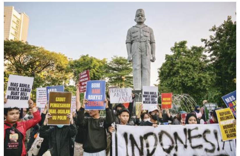
Students protest against a rise in non-subsidised fuel prices and call on the authorities to halt the free school meals programme (MBG), in Surabaya, Indonesia yesterday. – AFP

The inspection uncovered 17 sacks containing Category 1 narcotics. Although the perpetrators escaped across the border, law enforcement secured the contraband and collected forensic evidence. The seized narcotics were transferred to investigators at the local police station for further legal action. – Xinhua
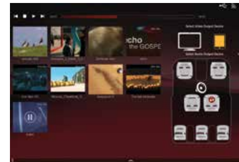
Audio - Video Entertainment
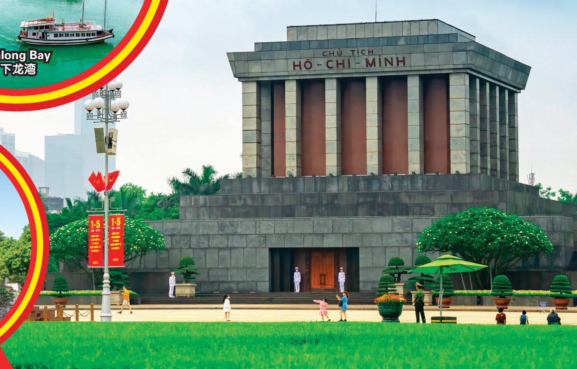
Ba Dinh Square 巴亭广场

行程次序，以当地旅社安排为准。 Sequences of Itinerary are subject to local arrangement.

========

If a line above holds the string "local", return it as it stands.

■ **Answer to this task**:
The inspection uncovered 17 sacks containing Category 1 narcotics. Although the perpetrators escaped across the border, law enforcement secured the contraband and collected forensic evidence. The seized narcotics were transferred to investigators at the local police station for further legal action. – Xinhua
行程次序，以当地旅社安排为准。 Sequences of Itinerary are subject to local arrangement.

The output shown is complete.